The whole listing below, with no pictures, is to be repeated as it stands.

PROVIDED DATA:
────────────────

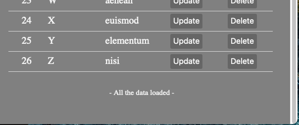 var authorPage = function(more){ if (more === undefined){ // 추가될 분량을 지정하지 않은 경우, 맨처음이니까 more = 15; var start = 0; // 인덱스 0에서 시작 } else { // 그렇지 않으면 테이블 마지막 줄에서 지정해둔 id 가져오기 var start = document.getElementById("last-author").innerHTML; } fetch(`author/view/${start}/${more}`).then(function(response){ response.json().then(function(data){ if (start === 0){ // 인덱스가 0인 경우 테이블을 만들어야 한다. var table = document.createElement('table'); table.setAttribute('id', 'author-table'); table.setAttribute('border', '2'); const idx = document.createElement('th'); idx.setAttribute('class', 'table-idx'); idx.innerHTML = '#'; table.appendChild(idx); const thlist = ['Author', 'Profile', 'Update', 'Delete']; for (var i in thlist){ const cell = document.createElement('th'); cell.innerHTML = thlist[i]; table.appendChild(cell); // th 추가 } } else { // 그렇지 않으면 이미 있는 테이블을 가져온다. var table = document.getElementById('author-table'); } for (var i in data){ const rowsFragment = document.createDocumentFragment(); // 줄 Fragment const row = document.createElement("tr"); // 줄 tag const cell1 = document.createElement("td"); // td1 cell1.setAttribute('class', 'table-idx'); if (data[i] === data[data.length-1]){ cell1.setAttribute('id', 'last-author') }; cell1.innerHTML = ++start; // 여기는 테이블 column 1번에 위치하는 인덱스, 0에서 시작하는데 1번부터 출력해줘야 해서 ++ const cell2 = document.createElement("td"); // td2 cell2.innerHTML = data[i]['name']; const cell3 = document.createElement("td"); // td3 cell3.innerHTML = data[i]['profile']; const cell4 = document.createElement("td"); // td4 const button1 = document.createElement("button"); button1.setAttribute('class', 'button-edit'); button1.innerHTML = 'Update'; cell4.appendChild(button1); const cell5 = document.createElement("td"); // td5 const button2 = document.createElement("button"); button2.setAttribute('class', 'button-edit'); button2.innerHTML = 'Delete'; cell5.appendChild(button2); row.appendChild(cell1); // 정리는 뒤에서 row.appendChild(cell2); row.appendChild(cell3); row.appendChild(cell4); row.appendChild(cell5); rowsFragment.appendChild(row); // 줄 Fragment에 줄 자식으로 넣어주고 table.appendChild(rowsFragment); // 테이블에도 넣어주고 }; document.querySelector('.right').innerHTML = ``; // innerHTML 초기화한 다음에 document.querySelector('.right').appendChild(table); // 자식으로 등록 }); }); };이제 초기실행인 경우와 스크롤바가 끝에 도달해서 실행하는 경우 모두 처리할 수 있게 됐으니, onscroll에 이 함수를 넣어주고 테스트를 해본다. 얼마나 더 가져올 것인가에서 more을 받기로 했으니 authorPage(10)처럼 넣어준다.
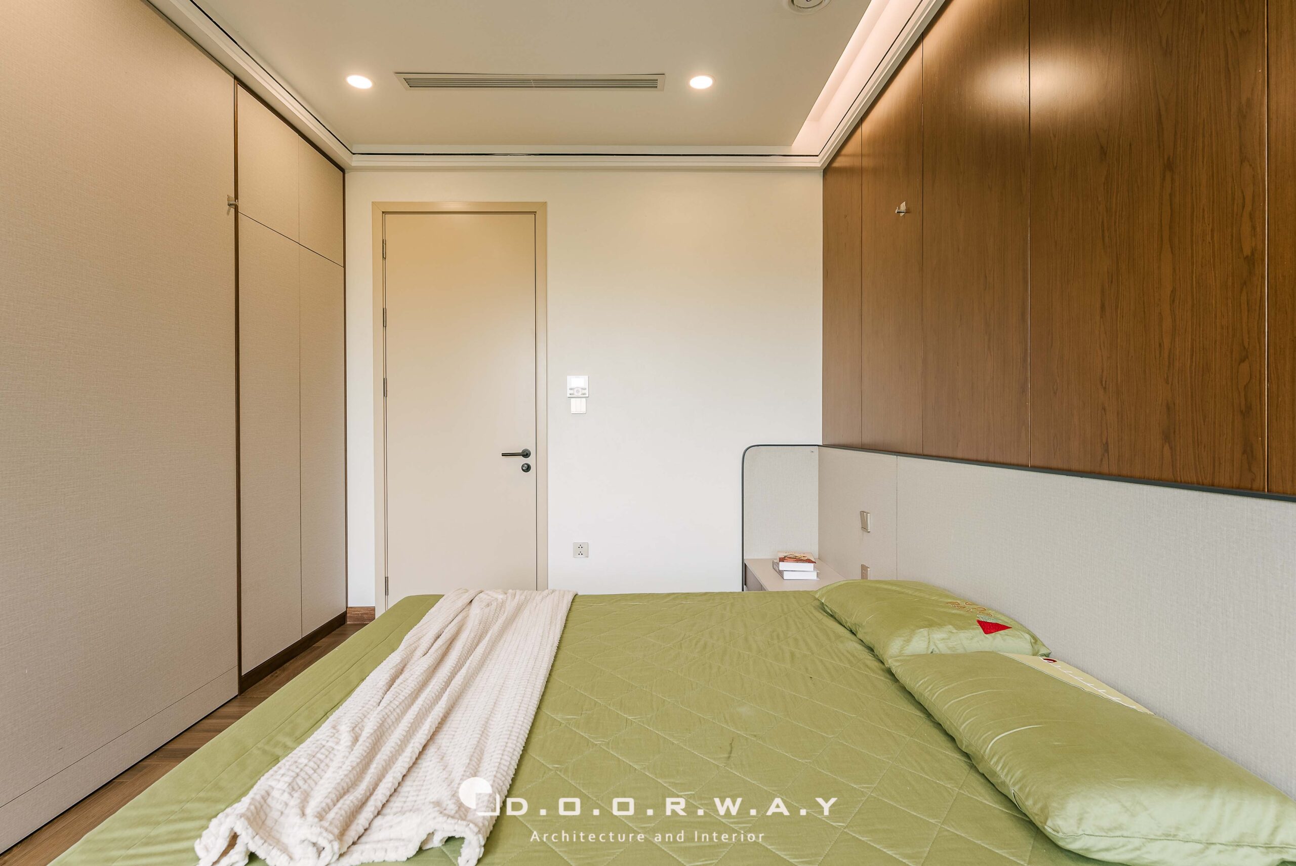 Hệ tủ quần áo âm tường trải dài, cửa phẳng với tay nắm kim loại tinh tế, vừa tiết kiệm diện tích vừa tạo sự đồng bộ cho không gian.
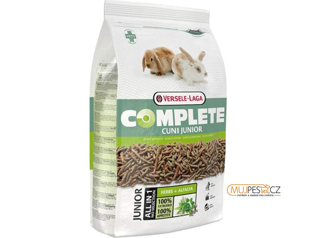 Cuni Junior Complete je kompletní krmivo pro mladé zakrslé králíky do 6 až 8 měsíců věku. Toto 100% extrudované jednosložkové krmivo je bohaté na bílkoviny a obsahuje vitaminy, prebiotika a směs bylin, které podporují trávení, růst a vyváženou střevní mikroflóru. Obsahuje vlákninu z celých kousků vojtěškového sena a je doplněno o fenykl, meduňku a mátu. Krmivo neobsahuje obiloviny.
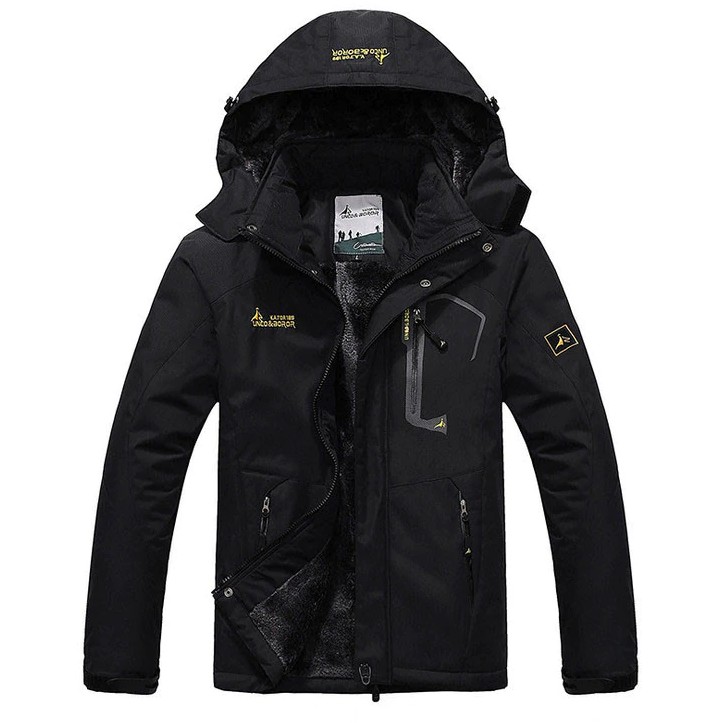 Die Jacke ist außen wasserdicht und innen hält weiche Baumwolle warm.
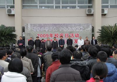 他希望广大师生按照“校训引领,科学发展”的总体要求,围绕“传承办学历史 弘扬校训精神”主题,以校志发行和校庆日活动为契机,深入实施“五个一”工程,积极筹划,狠抓落实,广泛宣传学校优良办学传统,全面展示学校辉煌办学成就,进一步激发全校师生爱校、建校、强校热情,团结广大校友,为建设有影响有特色的地方大学凝心聚力,增光添彩!
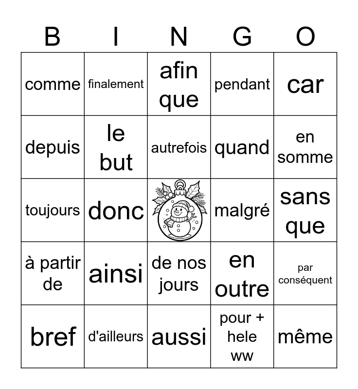 This bingo card has a free space and 25 words: ainsi, aussi, autrefois, bref, car, comme, depuis, finalement, malgré, de nos jours, quand, toujours, en outre, par conséquent, le but, c'est que, sans que, afin que, en somme, donc, même, d'ailleurs, à partir de, pendant and pour + hele ww.
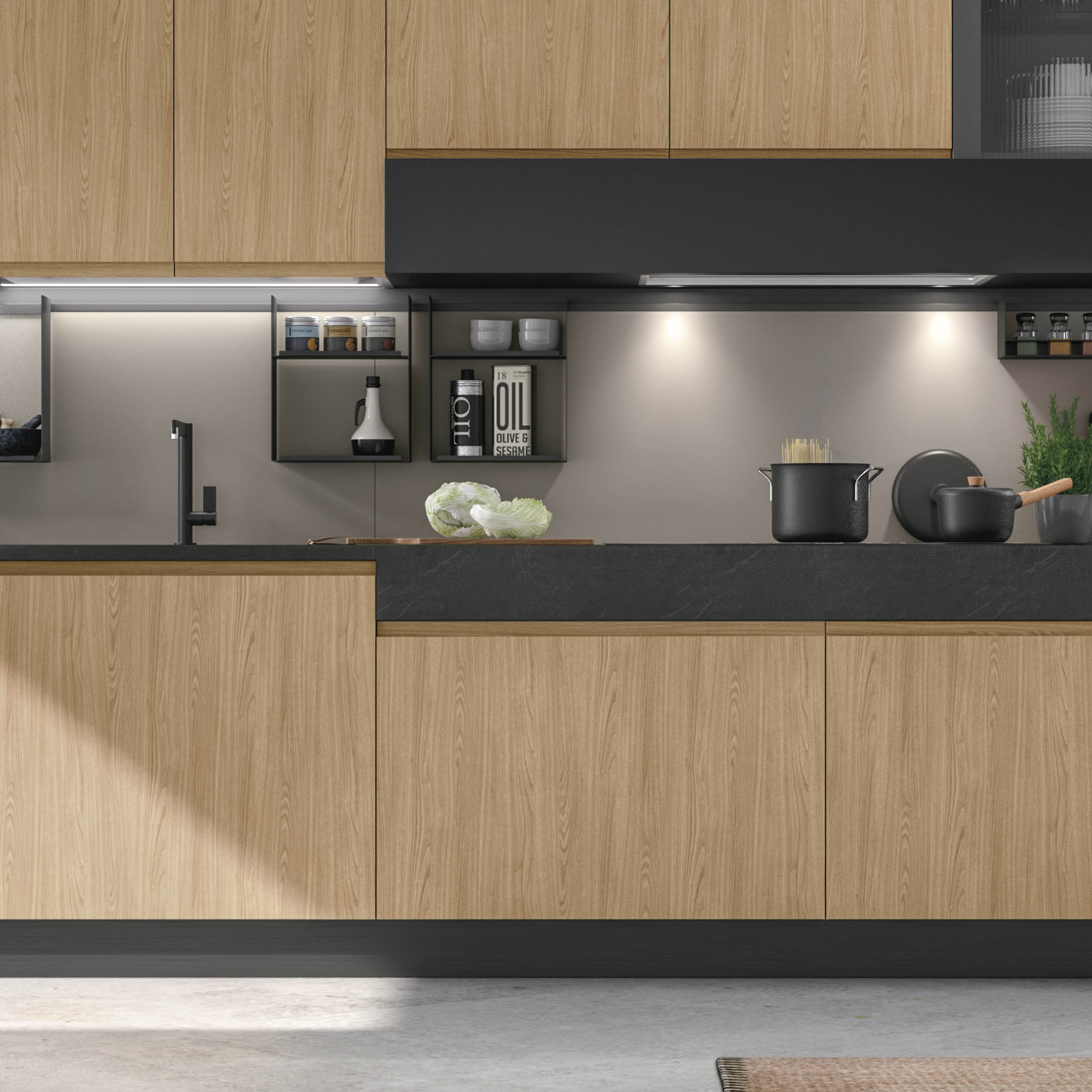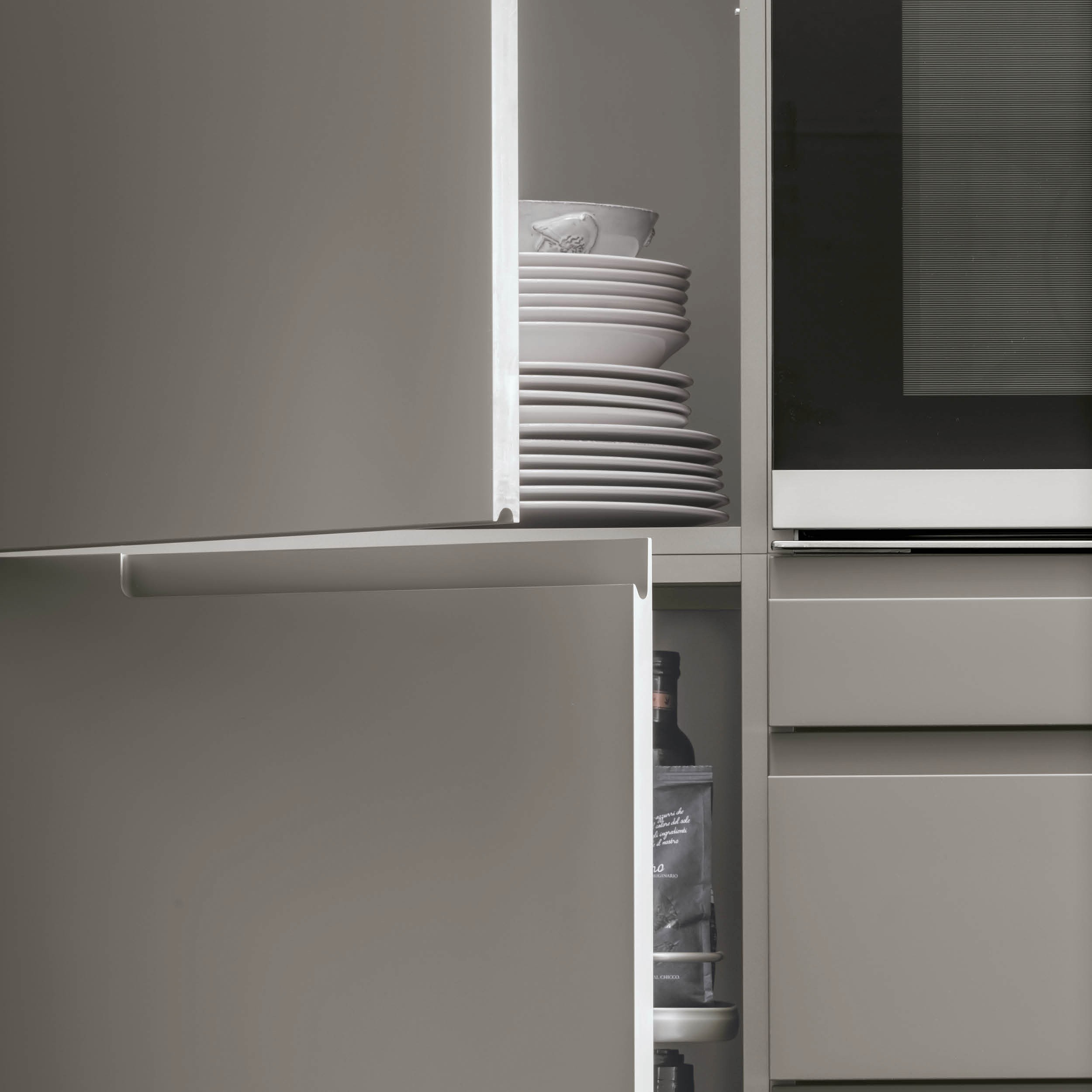 Designed for customers who love clean lines, and to bring out the best in contrasting materials and colours, Karma stands out for its doors with integrated handle and for three types of opening mechanism that define and decorate the kitchen: full length handle, partial length handle, counter-grip handle – details that create an original look and guarantee maximum functionality.

────────────────

OUTPUT BELOW:
 var authorPage = function(more){ if (more === undefined){ // 추가될 분량을 지정하지 않은 경우, 맨처음이니까 more = 15; var start = 0; // 인덱스 0에서 시작 } else { // 그렇지 않으면 테이블 마지막 줄에서 지정해둔 id 가져오기 var start = document.getElementById("last-author").innerHTML; } fetch(`author/view/${start}/${more}`).then(function(response){ response.json().then(function(data){ if (start === 0){ // 인덱스가 0인 경우 테이블을 만들어야 한다. var table = document.createElement('table'); table.setAttribute('id', 'author-table'); table.setAttribute('border', '2'); const idx = document.createElement('th'); idx.setAttribute('class', 'table-idx'); idx.innerHTML = '#'; table.appendChild(idx); const thlist = ['Author', 'Profile', 'Update', 'Delete']; for (var i in thlist){ const cell = document.createElement('th'); cell.innerHTML = thlist[i]; table.appendChild(cell); // th 추가 } } else { // 그렇지 않으면 이미 있는 테이블을 가져온다. var table = document.getElementById('author-table'); } for (var i in data){ const rowsFragment = document.createDocumentFragment(); // 줄 Fragment const row = document.createElement("tr"); // 줄 tag const cell1 = document.createElement("td"); // td1 cell1.setAttribute('class', 'table-idx'); if (data[i] === data[data.length-1]){ cell1.setAttribute('id', 'last-author') }; cell1.innerHTML = ++start; // 여기는 테이블 column 1번에 위치하는 인덱스, 0에서 시작하는데 1번부터 출력해줘야 해서 ++ const cell2 = document.createElement("td"); // td2 cell2.innerHTML = data[i]['name']; const cell3 = document.createElement("td"); // td3 cell3.innerHTML = data[i]['profile']; const cell4 = document.createElement("td"); // td4 const button1 = document.createElement("button"); button1.setAttribute('class', 'button-edit'); button1.innerHTML = 'Update'; cell4.appendChild(button1); const cell5 = document.createElement("td"); // td5 const button2 = document.createElement("button"); button2.setAttribute('class', 'button-edit'); button2.innerHTML = 'Delete'; cell5.appendChild(button2); row.appendChild(cell1); // 정리는 뒤에서 row.appendChild(cell2); row.appendChild(cell3); row.appendChild(cell4); row.appendChild(cell5); rowsFragment.appendChild(row); // 줄 Fragment에 줄 자식으로 넣어주고 table.appendChild(rowsFragment); // 테이블에도 넣어주고 }; document.querySelector('.right').innerHTML = ``; // innerHTML 초기화한 다음에 document.querySelector('.right').appendChild(table); // 자식으로 등록 }); }); };이제 초기실행인 경우와 스크롤바가 끝에 도달해서 실행하는 경우 모두 처리할 수 있게 됐으니, onscroll에 이 함수를 넣어주고 테스트를 해본다. 얼마나 더 가져올 것인가에서 more을 받기로 했으니 authorPage(10)처럼 넣어준다.
 Hệ tủ quần áo âm tường trải dài, cửa phẳng với tay nắm kim loại tinh tế, vừa tiết kiệm diện tích vừa tạo sự đồng bộ cho không gian.
 Cuni Junior Complete je kompletní krmivo pro mladé zakrslé králíky do 6 až 8 měsíců věku. Toto 100% extrudované jednosložkové krmivo je bohaté na bílkoviny a obsahuje vitaminy, prebiotika a směs bylin, které podporují trávení, růst a vyváženou střevní mikroflóru. Obsahuje vlákninu z celých kousků vojtěškového sena a je doplněno o fenykl, meduňku a mátu. Krmivo neobsahuje obiloviny.
 Die Jacke ist außen wasserdicht und innen hält weiche Baumwolle warm.
 他希望广大师生按照“校训引领,科学发展”的总体要求,围绕“传承办学历史 弘扬校训精神”主题,以校志发行和校庆日活动为契机,深入实施“五个一”工程,积极筹划,狠抓落实,广泛宣传学校优良办学传统,全面展示学校辉煌办学成就,进一步激发全校师生爱校、建校、强校热情,团结广大校友,为建设有影响有特色的地方大学凝心聚力,增光添彩!
 This bingo card has a free space and 25 words: ainsi, aussi, autrefois, bref, car, comme, depuis, finalement, malgré, de nos jours, quand, toujours, en outre, par conséquent, le but, c'est que, sans que, afin que, en somme, donc, même, d'ailleurs, à partir de, pendant and pour + hele ww.
 Designed for customers who love clean lines, and to bring out the best in contrasting materials and colours, Karma stands out for its doors with integrated handle and for three types of opening mechanism that define and decorate the kitchen: full length handle, partial length handle, counter-grip handle – details that create an original look and guarantee maximum functionality.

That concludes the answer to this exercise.